The question of whether it was within the power of the US to prevent the Holocaust—or at least to reduce the number of its victims—is usually posed as a military one: Should the Allies have directed some of the war effort toward disrupting the operation of concentration camps, for example by bombing the railroad lines to Auschwitz? This searching, compulsively watchable documentary, which juxtaposes archival photographs and news footage with interviews with Holocaust refugees, survivors, and historians, puts the question differently: Why did the US turn away the flood of Jewish refugees who sought to escape Europe in the 1930s and early 1940s? As the historian Rebecca Erbelding comments on camera, “Even though the Holocaust physically took place in Europe, it is a story that Americans have to reckon with too.”

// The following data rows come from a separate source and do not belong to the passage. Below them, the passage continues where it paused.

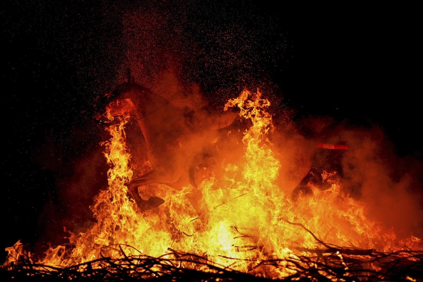 در یک شب سرد ژانویه، صدها نفر در خیابانهای سنگفرش شده باریک و شیبدار سن بارتولوم د پینارس (جمعیت ۵۰۰ نفر) جمع شدند تا منظرهای دراماتیک را تماشا کنند: اسبهایی که از میان شعلههای آتش میچرخند.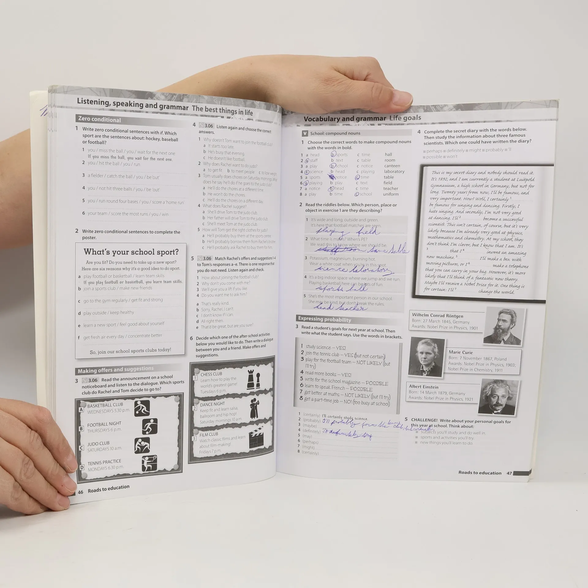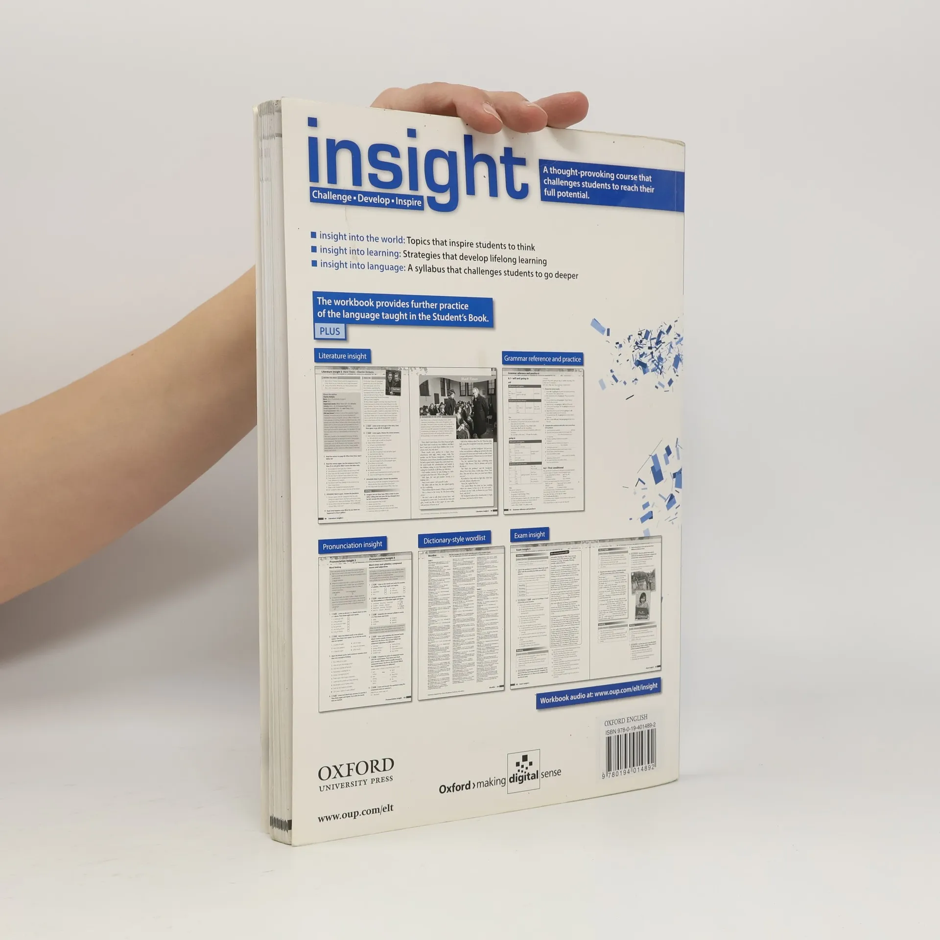 This five-level English course for secondary students is designed to challenge and inspire learners to reach their full potential. It engages students with thought-provoking topics and information-rich texts that encourage critical thinking about the world. The course emphasizes skill development and fosters autonomous learning habits, equipping students with a deeper understanding of language. It goes beyond vocabulary meaning to include the rules governing its use, promoting confident communication. Key features include thought-provoking topics that spark classroom discussions, a systematic vocabulary syllabus with Vocabulary insight pages and a comprehensive Vocabulary bank. Culture pages in each unit, along with related DVD material, enhance students' understanding of English-speaking countries' customs and history. Optional literature-based lessons in the workbook enrich the curriculum with classic English literature. All school-leaving exam topics are covered, with exam-like tasks integrated throughout to prepare students effectively. The workbook offers additional language practice and resources, including Literature insight, Pronunciation insight, and Exam insight sections. This course is designed to motivate students, develop their skills, and inspire a lifelong love of learning.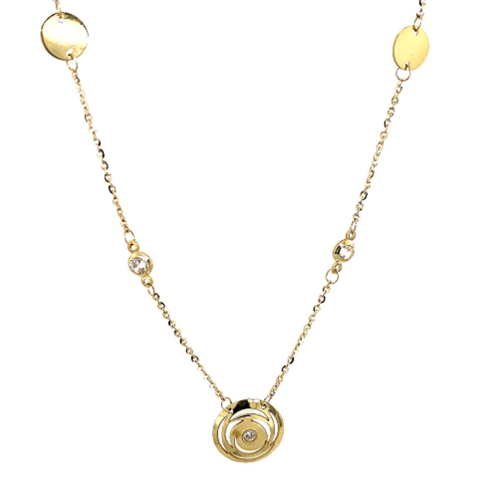 Γυναικείο κολιέ από χρυσό 14Κ με κρεμαστό στρογγυλό στοιχείο με ζιργκόν.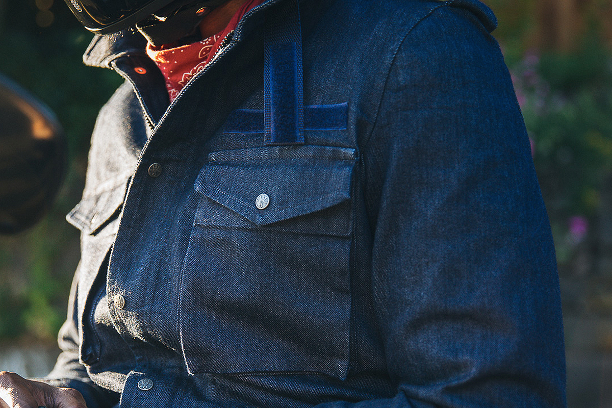 The material that the M65 is constructed from is what really separates this jacket from traditional denim. It’s denim for sure, but nothing like I’ve experienced before. It’s not like the raw denim that’s made in a mill on some small island where they take their craft to levels of pure obsession. It looks similar, but is actually a clever blend of denim, Cordura, and CoolMax fibres. At 12.5 oz. thick it’s about the same density as a middleweight denim jacket, but the interwoven Cordura adds significant abrasion resistance. Not only that, the M65 has summer heat beating ventilation vents which did their job well during my tests because someone definitely forgot to turn on the A/C and I was still feeling somewhat fresh.
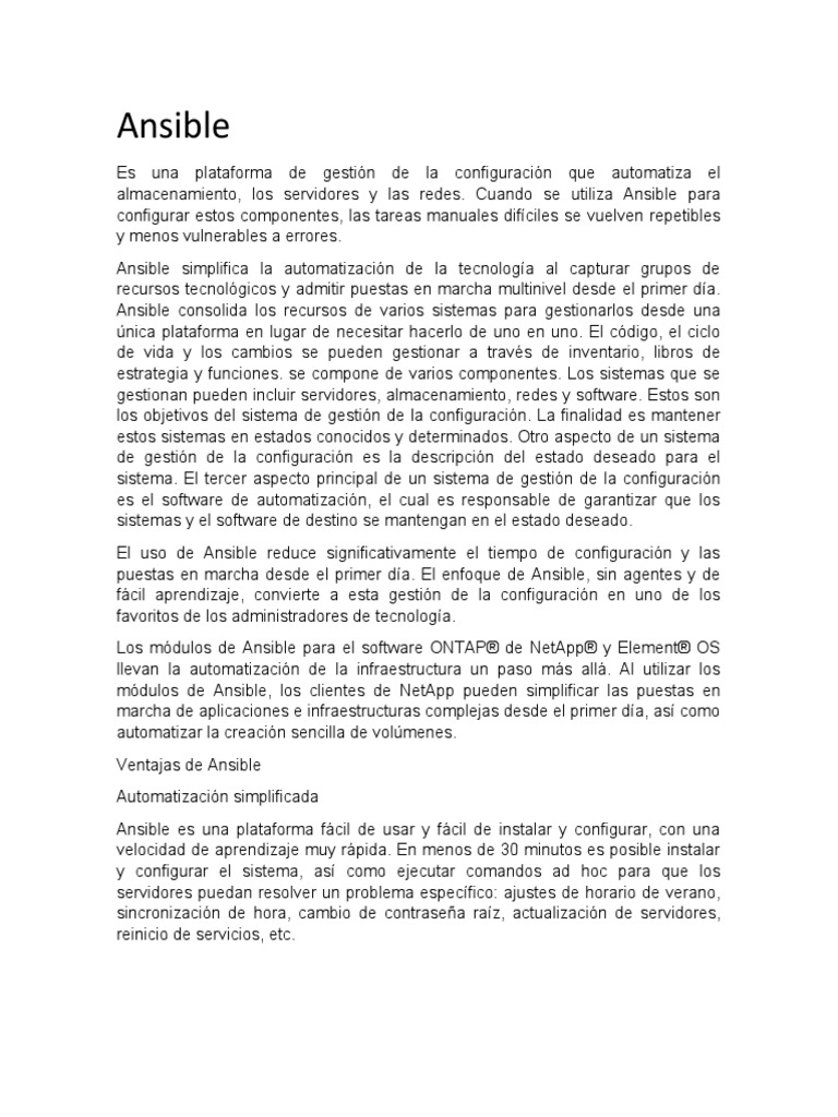 almacenamiento, los servidores y las redes. Cuando se utiliza Ansible para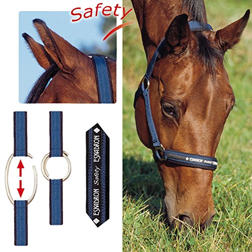 Studio : Eskadron Publisher : Eskadron Binding : Misc. Product Description Lots of horses wear headcollars day and night, in the stable or out at grass. These horses in particular are exposed to significant danger: it is by no means uncommon for a horse to get caught up with its headcollar on branches, posts, nails, gates or gate fastenings. If the horse gets into a panic, it will not give up but rather pulls so long until it frees itself or - if the worst comes to the worst - strangles itself. In order to prevent such injuries, not to mention the worst-case scenario, ESKADRON has developed the Safety-Headcollar. A ring has been integrated into the poll strap of the headcollar which opens in response to a strong tug so that the horse may free itself quickly from its precarious situation. A real innovation by Eskadron! Available in the sizes P2-pony, V-cob, W-full, WE-over size. Text by CALEVO. 0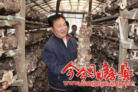 沙河乡为全省食用菌优秀基地乡镇,该乡生产的小花菇具有肉厚、柄短、色鲜、花纹明显、含水量低、保鲜期长等质量优势。近年来,该乡食用菌产业取得飞快发展,全乡45%以上的农户参与发展食用菌,年从事食用菌生产、加工、销售人员在5000人以上,有专业合作社3家,龙头企业2个,产业示范园2个,全乡12个村共发展袋料食用菌325万袋,产量达3250吨,产值达到3250万元,成为当地农民增收致富的“金饭碗”。图为县蔬菜办工作人员正在查看五塘村专业户高德成的秋菇长势。(田华锐 摄)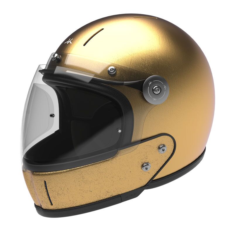 Casque intégral en carbone léger et protecteur équipé d’une visière d’excellente qualité optique (Class 1) et d’un double écran Pinlock 120 contre la buée. Intérieur durable, confortable et que vous pouvez ajuster à votre morphologie. Fermeture Double-D et vis en titane. Garantie 5 ans. Feuilles d’or mat et vernis brillant.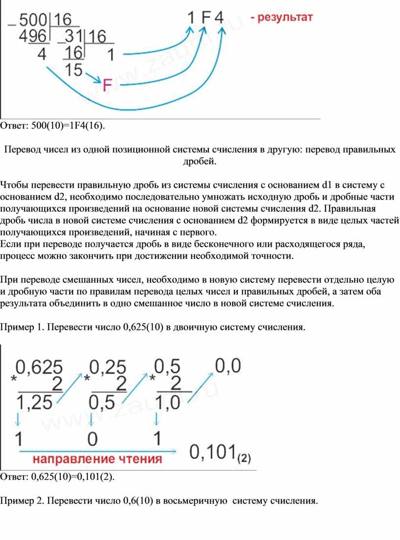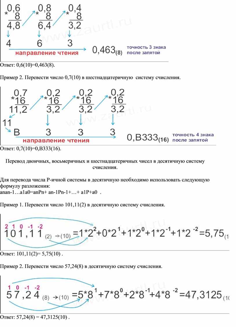 Пеpевод чисел из одной позиционной системы счисления в дpугую: пеpевод пpавильных дpобей.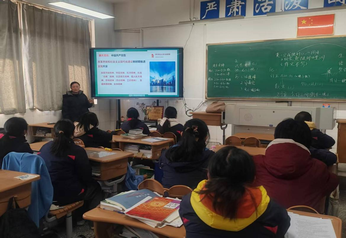 12月28日下午,马克思主义学院副教授张蓓应邀赴江苏省淮阴中学,面向40余名高一学生讲授“中国共产党人精神谱系”专题思政课。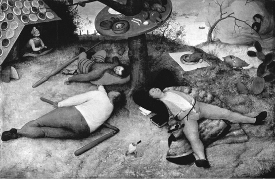 Фламандські звичаї вживання алкоголю 1567 року. Селяни відпочивають після святкування. Картина Пітера Брейґеля Старшого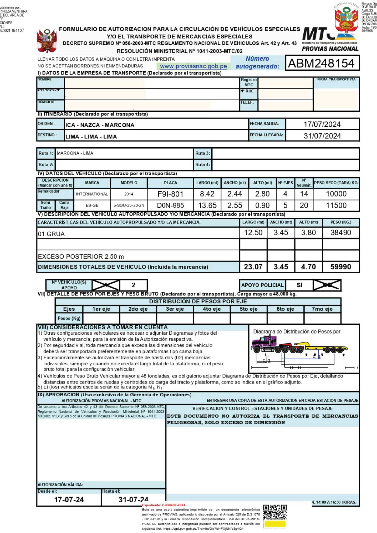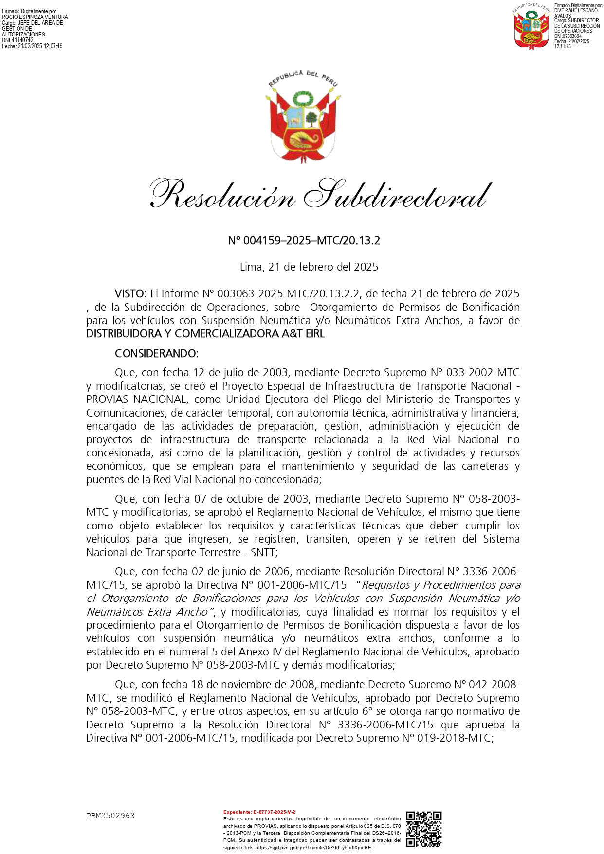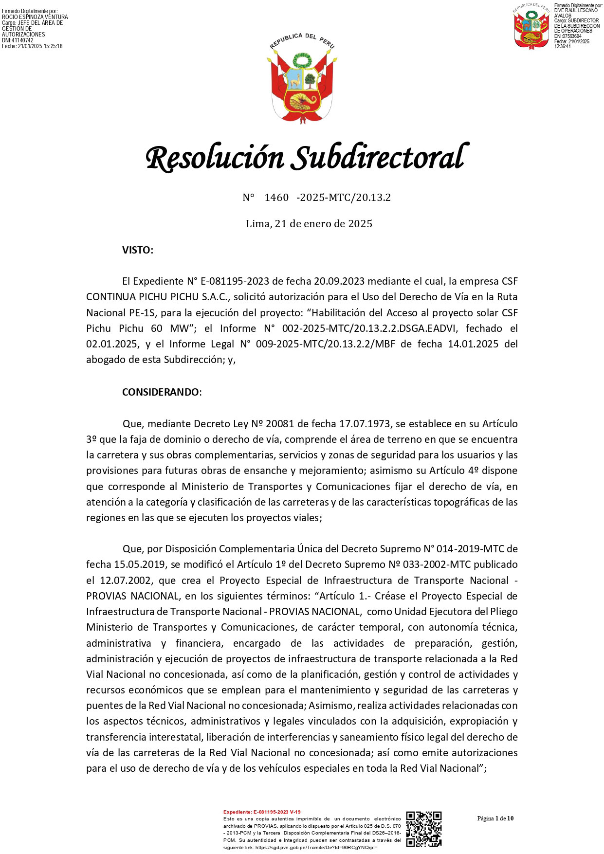 Es el acto administrativo emitido por el Ministerio de Transportes y Comunicaciones, mediante Provias Nacional, para autorizar la ejecución de trabajos proyectados dentro del derecho de vía de las carreteras que forman parte de la Red Vial Nacional.

“As a young country, America could not afford to turn people away; there was simply too much land to fill, too much work to be done,” Jia Lynn Yang writes in One Mighty and Irresistible Tide: The Epic Struggle Over American Immigration, 1924–1965 (2020). Between 1870 and 1914 nearly 25 million people, mostly from Southern and Eastern Europe, made their way to the US. The Statue of Liberty, installed in New York Harbor in 1886, became an embodiment of the country’s openness to newcomers. In her poem “The New Colossus,” Emma Lazarus addresses the statue as “Mother of Exiles,” channeling its spirit in the well-known lines “Send these, the homeless, tempest-tost to me,/I lift my lamp beside the golden door!”
Lazarus’s vision, according to The US and the Holocaust, was more dream than reality. As the historian Peter Hayes comments, “Exclusion of people and shutting them out has been as American as apple pie.” While Burns has sometimes been accused of nostalgia in his approach to the American past—particularly in his documentary series about the Civil War—the new series is a scathing, even bombastic indictment of US immigration policy over the past 160 years.
In the 1860s Chinese laborers were employed to extend the transcontinental railroad into the American West—dangerous, exhausting work for which they were paid low wages. After the railroad was complete, they spread across the country, sparking protests from white workers who found themselves displaced.1 These protests helped inflame anti-Chinese sentiment and led to the Chinese Exclusion Act of 1882, the first US immigration law to discriminate on the basis of race or class, which blocked Chinese laborers from entering the country (although it allowed Chinese students, teachers, and other white-collar workers). Another immigration act the same year created other categories of inadmissible people, such as convicts, prostitutes, the indigent, and the insane; epileptics and anarchists were later added to the list. In 1917 a new law barred immigrants from virtually all of Asia and imposed a literacy requirement on others.